Buts de guerre
Éditorial
Quand la guerre semble triompher comme mode de relation, quand les esprits s’échauffent pour un rien, comment ne pas être pris par un mouvement en spirale dépressive où tous les malheurs coagulent? Foi et espérance aident à faire tomber les masques.
Les stratèges et les diplomates rivalisent de subtilités pour déceler ce qui pourrait constituer les buts de guerre. À Gaza, au Liban, dans l’est de l’Ukraine, et en bien d’autres lieux encore… Cette formule, à laquelle on pourrait s’habituer sans y prendre garde, essaie de donner une raison à ce qui n’en a pas. Car tout le monde sait que le but de la guerre est d’obtenir par la violence ce qu’on n’a pas trouvé dans le dialogue. En soulignant tout de suite quand même, que celui qui se défend d’une agression extérieure, comme l’Ukraine, n’a pas réellement un but de guerre : il s’agit simplement de survivre.
Si donc la guerre n’a pas de but, que faire de l’avalanche d’images de villes dévastées et d’informations qui oscillent entre gris clair et noir d’encre ? Quoi pour nous mettre un peu de baume au cœur ?
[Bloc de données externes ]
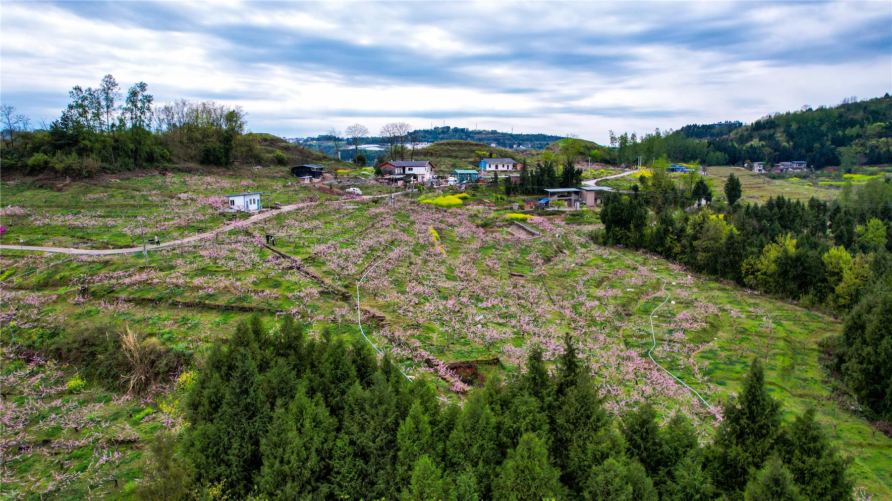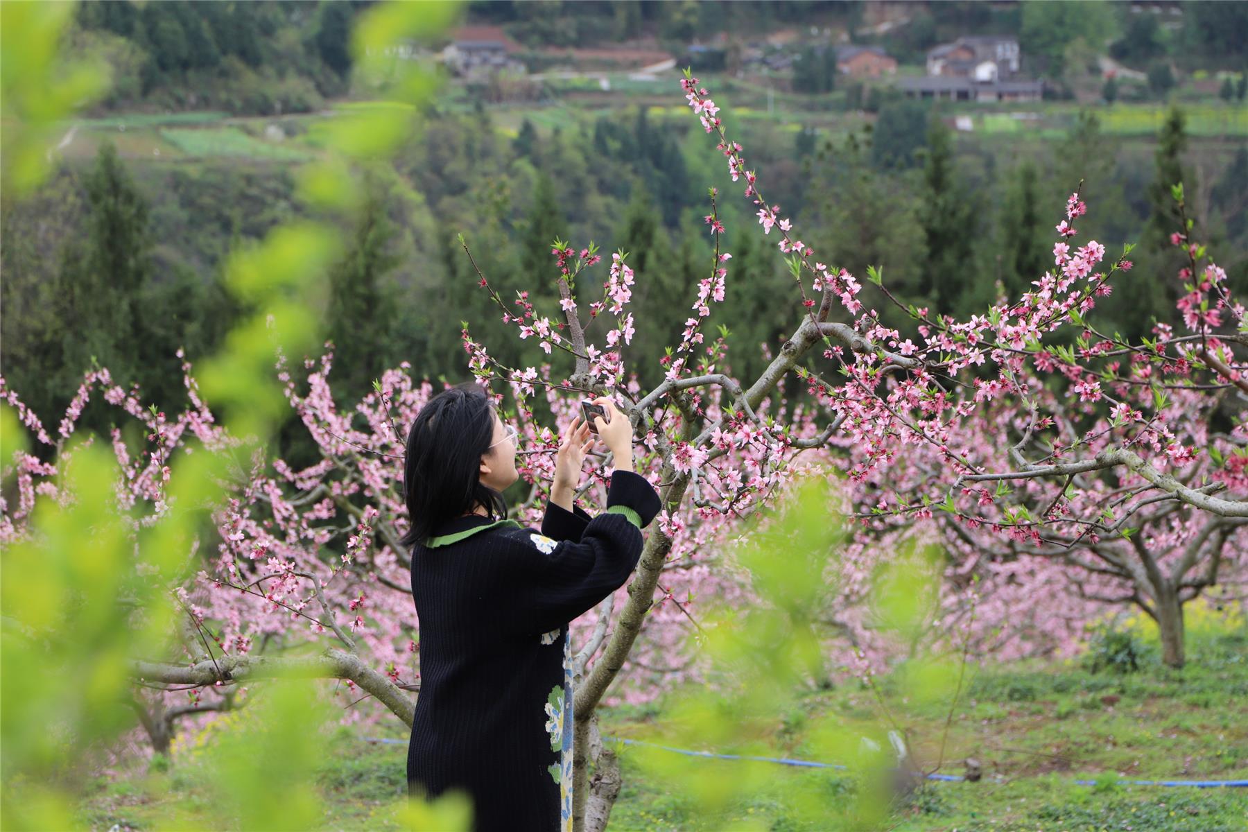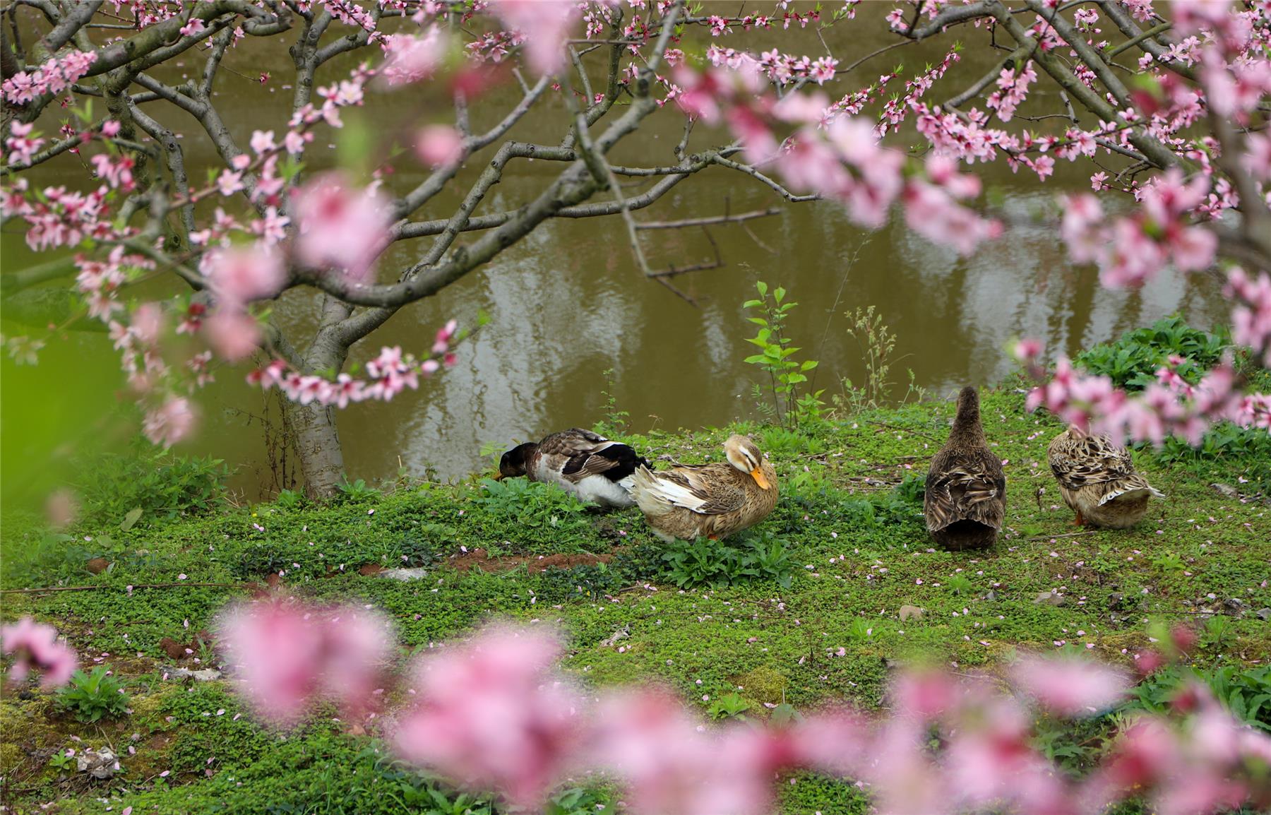 “這一片桃花開得特別好,就像粉色的云朵。旁邊又有池塘,又有鴨子嬉戲,頗有‘竹外桃花三兩枝,春江水暖鴨先知’的意境?!庇慰完愨勒f。

La première bonne nouvelle qui nous soit accessible est de ne pas rester indifférents, montrant ainsi notre empathie, notre capacité à prendre en nous quelque chose du malheur des autres.
On peut aussi être attentif à ces récits d’hommes et de femmes qui ont su convertir la violence en générosité. L’évêque libanais maronite Mounir Khairallah, actuellement en Europe pour le synode, raconte comment une religieuse a su faire grandir dans son cœur d’enfant un esprit de paix, alors même qu’à cinq ans il avait eu la douleur de voir ses parents assassinés. Cet événement tragique aurait pu faire de lui un soldat ; il est devenu apôtre. Il n’y a pas de fatalité au mal, car le bien regorge de ressources. C’est de ne pas le croire suffisamment que naît l’idée que la guerre puisse être raisonnable.
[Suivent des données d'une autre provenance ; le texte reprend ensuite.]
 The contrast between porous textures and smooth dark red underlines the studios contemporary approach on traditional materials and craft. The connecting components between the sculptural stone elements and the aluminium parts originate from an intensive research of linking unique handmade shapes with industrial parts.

Dans sa lettre adressée le 7 octobre dernier aux catholiques du Moyen-Orient, le pape emploie à sept reprises, un peu comme un refrain, cette formule « je suis avec vous ». Ce n’est pas seulement une parole de consolation ; c’est aussi une disposition prophétique de proximité et de solidarité, là où tout nous pousserait à nous enfermer dans notre bulle. Il s’agit là d’une communion qui fait du bien.
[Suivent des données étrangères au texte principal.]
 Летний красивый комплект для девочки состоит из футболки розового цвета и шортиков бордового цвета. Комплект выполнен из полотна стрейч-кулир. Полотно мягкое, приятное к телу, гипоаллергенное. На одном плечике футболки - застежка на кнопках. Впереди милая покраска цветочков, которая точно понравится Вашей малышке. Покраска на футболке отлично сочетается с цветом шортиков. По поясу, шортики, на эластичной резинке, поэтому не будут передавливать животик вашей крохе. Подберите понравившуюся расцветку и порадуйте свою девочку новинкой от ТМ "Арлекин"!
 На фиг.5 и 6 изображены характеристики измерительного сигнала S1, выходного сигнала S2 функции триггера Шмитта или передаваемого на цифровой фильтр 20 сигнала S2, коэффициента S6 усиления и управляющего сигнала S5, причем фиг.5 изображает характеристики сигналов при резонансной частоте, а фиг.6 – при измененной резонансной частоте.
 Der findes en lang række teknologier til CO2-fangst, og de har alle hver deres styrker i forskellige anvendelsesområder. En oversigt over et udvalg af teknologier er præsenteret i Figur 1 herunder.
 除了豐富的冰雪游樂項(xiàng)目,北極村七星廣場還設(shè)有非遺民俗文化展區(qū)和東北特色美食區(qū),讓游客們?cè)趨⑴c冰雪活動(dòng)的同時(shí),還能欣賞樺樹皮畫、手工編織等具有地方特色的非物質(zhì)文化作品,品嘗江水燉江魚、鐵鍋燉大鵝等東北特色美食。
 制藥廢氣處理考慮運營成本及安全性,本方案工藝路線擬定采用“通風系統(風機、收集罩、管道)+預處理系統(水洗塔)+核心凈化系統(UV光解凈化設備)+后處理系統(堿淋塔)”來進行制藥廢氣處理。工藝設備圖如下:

Cette communion est telle qu’elle nourrit deux mouvements intérieurs. Celui de l’empathie, qui en ces jours terribles pour le Liban comporte une part de colère. Trop c’est trop, bon Dieu ! Et celui de l’espérance, en vertu de l’effet papillon appliqué au bien. L’effet papillon désigne ce processus où le battement d’aile d’un papillon en Europe déclenche, par une série de réactions en chaîne, un typhon au Japon. Évidemment, il s’agit là d’une image, plus que d’une vérité scientifique, mais rien n’interdit d’y lire une parabole qui nous permettrait de comprendre l’œuvre de Dieu et le travail invisible de l’Esprit pacificateur. Il nous faut croire que nos choix personnels modestes en faveur d’une vie plus fraternelle, ou qu’un art de vivre en société pacifié – et il y a tant à faire à ce niveau-là – puissent gagner le cœur des acteurs des conflits qui déchirent aujourd’hui le monde et leur fassent entrevoir que le but de leur action ne peut pas être autre que la vie de chaque être humain.